Xylem is responsible for the upward transport of water and minerals from the roots to the aerial parts of the plant. It is composed of several cell types, including vessel elements and tracheids. Vessel elements are wide, cylindrical cells joined end to end to form long tubes called vessels. Tracheids are elongated cells with tapered ends and overlapping secondary cell walls. These cells are dead at maturity. They provide structural support to the plant. The xylem also contains substances such as lignin. Lignin strengthens the cell walls and helps prevent collapse.

Phloem is responsible for the transport of organic compounds, mainly sugars, throughout the plant. It moves these nutrients both upwards and downwards. The main cell types in the phloem are sieve elements, which include sieve tube elements and companion cells. Sieve tube elements are elongated, living cells that form tubes. Sap flows through these tubes. Sap is a sugary fluid. Companion cells are intimately associated with sieve tube elements. Companion cells provide metabolic support to keep the sieve tube elements functioning.

The cortex is a region between the epidermis and the vascular cylinder in the root. It consists of parenchyma cells and plays several important roles. The cortex stores nutrients and water. It provides mechanical support to the root. It also helps in the movement of water and solutes towards the vascular tissues. In some plants, the cortex also performs functions such as root hair development and secretion of substances involved in nutrient uptake.

The endodermis is a single layer of cells that surrounds the vascular cylinder in the root. It acts as a selective barrier. It controlls the movement of water and solutes into the vascular tissues. The endodermal cells are unique because they possess a band like structure called the Casparian strip. This strip is composed of suberin. Suberin is a waxy substance that blocks the passage of water and solutes between cells. The endodermis also plays a role in nutrient uptake and can selectively transport ions into the vascular tissues.

Adjacent to the endodermis lies the pericycle. Pericycle is a layer of cells that surrounds the vascular cylinder. The pericycle is responsible for lateral root development. Pericycle contains actively dividing cells that can give rise to new roots. It increases the capacity of plant for water and nutrient absorption.

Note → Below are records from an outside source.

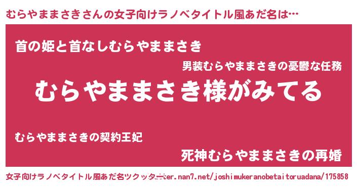 | ヘコむあだ名 | 『むらを』『むらやままさき(笑)』 |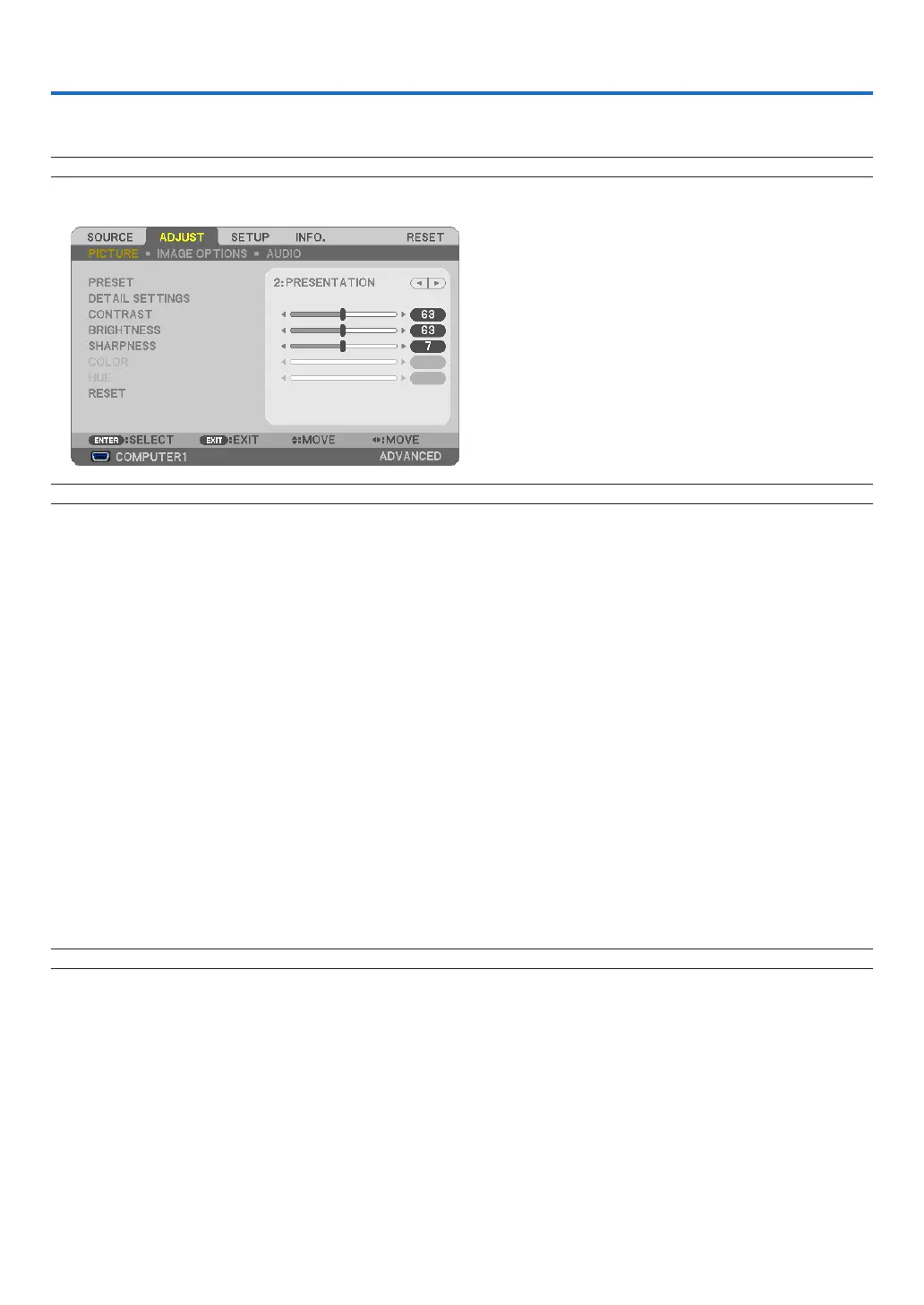 7. Repeatsteps2-6toadjustanadditionalitem,orpresstheEXITbuttonontheremotecontrolortheprojec-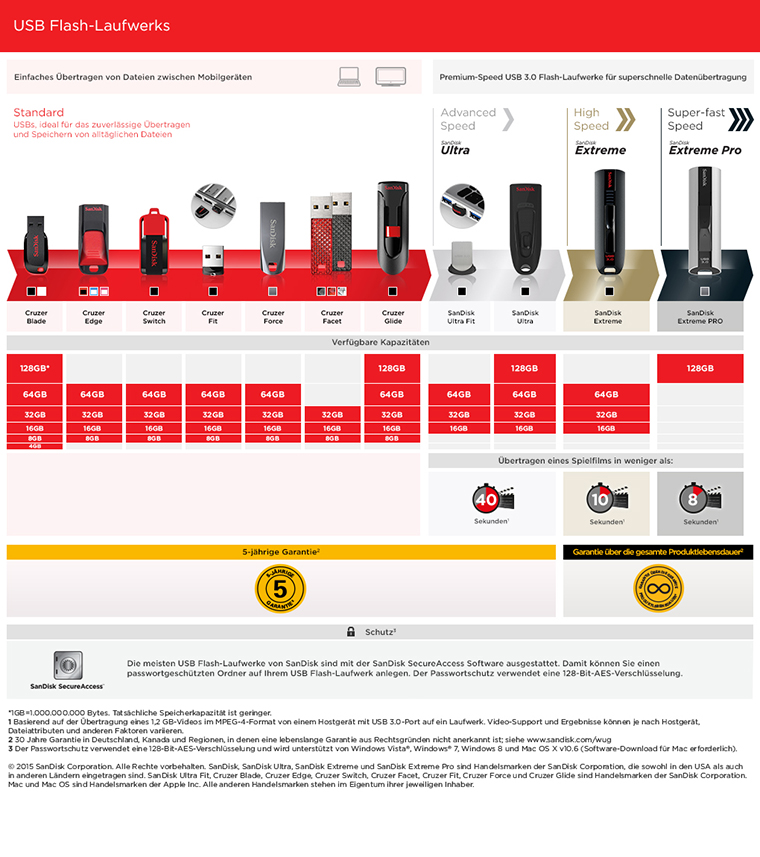 2 Passwortschutz verwendet eine 128-Bit-AES-Verschlüsselung und wird unterstützt von Windows Vista®, Windows® 7, Windows 8 und Mac OS X v10.6+ (Software-Download für Mac erforderlich, siehe www.SanDisk.com/SecureAccess).
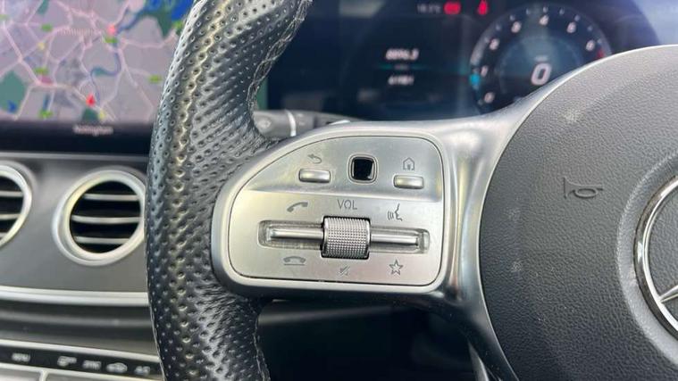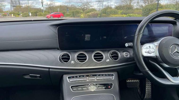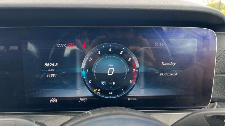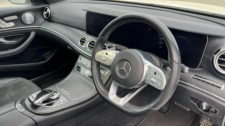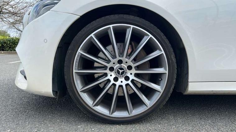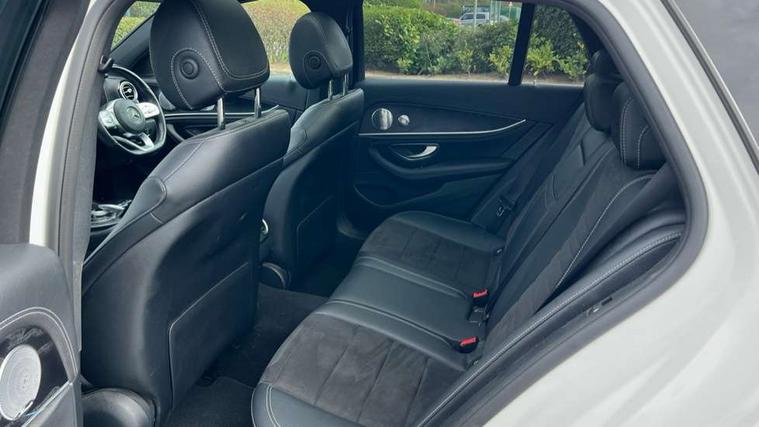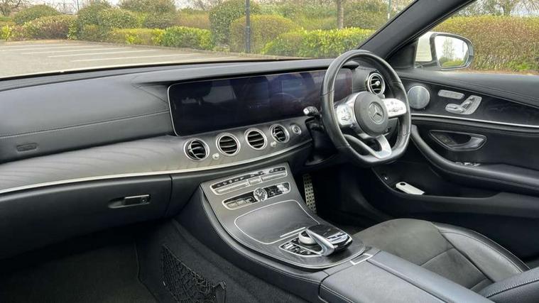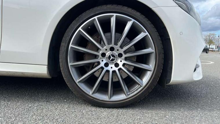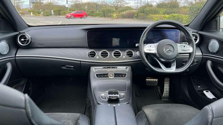 Active parking assist and reversing camera, Analogue clock, Attention assist, Blind spot assist, Boot release from drivers seat, Brake wear warning light, COMAND online system with Media Interface and HDD navigation with 12.3" colour display and cockpit display, DYNAMIC SELECT with a choice of driving modes (ECO, Comfort, Sport, Sport+ and Individual), Easy-pack tailgate - Powered opening/closing automatically, Mercedes connect me, Multi function trip computer, Outside temperature display, Park assist pilot with front and rear park assist, Remote boot release, Service indicator (ASSYST), Speed sensitive power steering, Stop/start system, Touchpad with control wheel, Wireless charging, 66 litre fuel tank, 2 USB ports in centre console, 2 USB ports in the rear, Audio 20 with USB, control wheel and Media Interface with Bluetooth interface and hands-free function, Burmester surround sound system with 13 speakers, DAB Digital radio, Steering wheel mounted audio controls, Adaptive brake lights, Aerial integrated in rear window, Body colour bumpers, Body colour door handles, Chrome roof rails, Electric panoramic glass sunroof, Electric windows with one touch opening/closing and obstruction sensors, Electrically adjustable and heated door mirrors, LED High Performance headlamps including integral LED daytime running lamps, LED rear lights, MULTIBEAM Intelligent Light System with Adaptive Highbeam Assist, Polished aluminium upper window surround, Privacy glass (rear side windows and rear screen), Radiator grille with integral star and 2 louvres in matt iridium silver with chrome trim, Rain sensor windscreen wipers, Rear wiper, Visible twin exhaust tailpipe in bumper, 3 spoke flat bottom AMG performance steering wheel with Touch Control buttons, trimmed in black nappa leather, 40:20:40 split folding rear bench seat, Ambient lighting, AMG floormats, Artico man-made leather upper dash trim, Auto Mercedes-Benz child seat recognition sensor, Black roof lining, Folding shopping box, Front and rear door pockets, Front centre armrest with storage compartment, Front door sills with illuminated Mercedes lettering, Glasses compartment in overhead control panel, Head restraints for driver and front passenger (four-way adjustability) and in rear (two-way), Heated front seats, Interior rear light/integral reading lights, Isofix rear child seat fastenings, Lockable/illuminated air conditioned glovebox, Silver door pins, Sports pedals with stainless steel surfaces and rubber studs, Steering wheel multifunction with gearshift paddles, Steering wheel touch control buttons for audio and onboard settings, Storage compartment with 12V socket in centre console, Sunvisors with illuminated vanity mirrors, Keyless Go comfort pack - E Class, Memory pack - E Class, Mirror pack - E Class, Stowage pack - E Class Estate, 3x3 point rear seatbelts, Active bonnet, Active brake assist, Adaptive brake system with HOLD function and brake drying in the wet, Anti-lock braking system (ABS), Black seat belts, Brake calipers with AMG lettering, Childproof rear door locks, Driver and passenger side/thorax airbags, Driver/front passenger airbag, Drivers knee airbag, Electronic parking brake, Electronic Stability Programme, Hill hold assist, Hill start assist, Perforated front brake discs with "Mercedes-Benz" lettering, Pre-Safe anticipatory safety system, Seat occupancy sensor, Seatbelt warning, Tyre pressure monitoring system, Warning triangle and first aid kit, Window airbags, Alarm system/interior protection/immobiliser, Central locking with interior switch, automatic locking and crash sensor with emergency opening function, Chrome surround in electric key, Black open pore ash wood dashboard and door trim + Centre console in black open pored ash wood, Black open pore ash wood trim and centre console in black open pore ash wood, Contrast stitching, Run flat tyres,

Root hairs are tiny projections that look like fingers. They extend from the surface of young roots. They greatly enlarge the surface area of the root. Root hairs facilitate the absorption of water and nutrients from the soil. Root hairs are thin walled, elongated cells that grow from the epidermal cells of the root. Their large surface area allows for efficient water and mineral uptake.

Parenchyma cells are versatile and the most common type of plant cells. They are involved in various functions depending on their location within the plant. Parenchyma cells can be found in the epidermis, cortex, mesophyll, and other plant tissues. They often have thin cell walls and contain large vacuoles. Parenchyma cells can perform functions such as photosynthesis, storage of nutrients and water, secretion, and support.

Sclerenchyma cells are long, thick walled cells that provide mechanical strength and support to plant tissues. They are characterized by their heavily lignified secondary cell walls. This cell wall makes them rigid and resistant to bending or stretching. Sclerenchyma fibers are commonly found in stems, leaves, and other parts of the plant. Their primary function is to provide structural support, especially in mature and woody plants.